### Recorded information
################
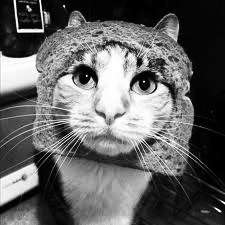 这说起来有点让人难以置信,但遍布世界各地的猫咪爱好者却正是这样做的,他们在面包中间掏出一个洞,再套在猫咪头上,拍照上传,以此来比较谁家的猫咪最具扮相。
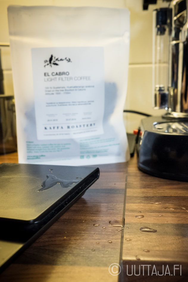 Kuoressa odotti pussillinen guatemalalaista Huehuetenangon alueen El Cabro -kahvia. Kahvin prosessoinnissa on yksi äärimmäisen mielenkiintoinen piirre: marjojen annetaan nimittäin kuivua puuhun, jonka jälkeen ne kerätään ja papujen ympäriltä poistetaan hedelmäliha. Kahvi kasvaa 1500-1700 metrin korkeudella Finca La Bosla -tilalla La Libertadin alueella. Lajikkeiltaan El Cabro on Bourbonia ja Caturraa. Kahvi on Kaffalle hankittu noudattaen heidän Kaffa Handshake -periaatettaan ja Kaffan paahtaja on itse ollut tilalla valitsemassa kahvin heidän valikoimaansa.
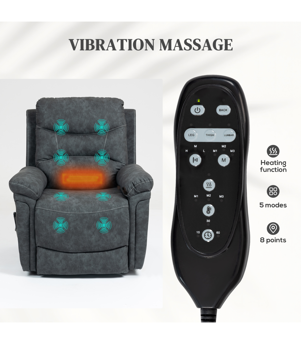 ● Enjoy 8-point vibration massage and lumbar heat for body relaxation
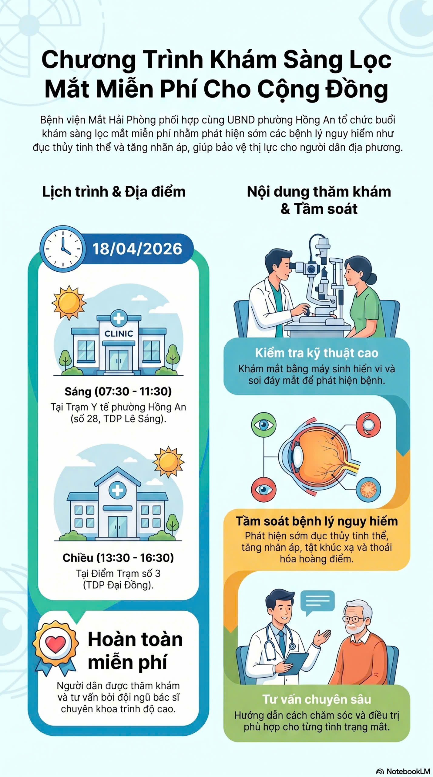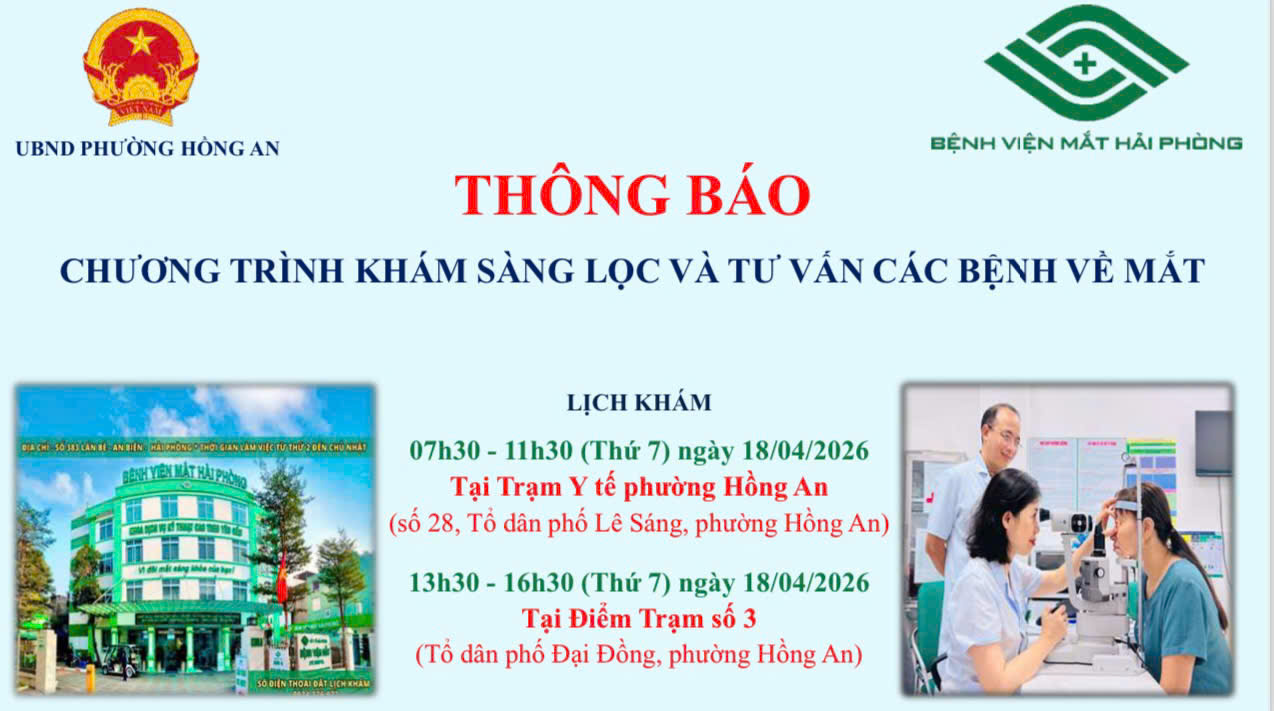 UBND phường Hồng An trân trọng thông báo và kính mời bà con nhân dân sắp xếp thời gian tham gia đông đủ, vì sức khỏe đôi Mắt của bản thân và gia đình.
################
Leaving every picture out, please copy exactly the lines from the one holding "for body relaxation" through the last line of the listing, both ends included.

### Answer section
 ● Enjoy 8-point vibration massage and lumbar heat for body relaxation
 UBND phường Hồng An trân trọng thông báo và kính mời bà con nhân dân sắp xếp thời gian tham gia đông đủ, vì sức khỏe đôi Mắt của bản thân và gia đình.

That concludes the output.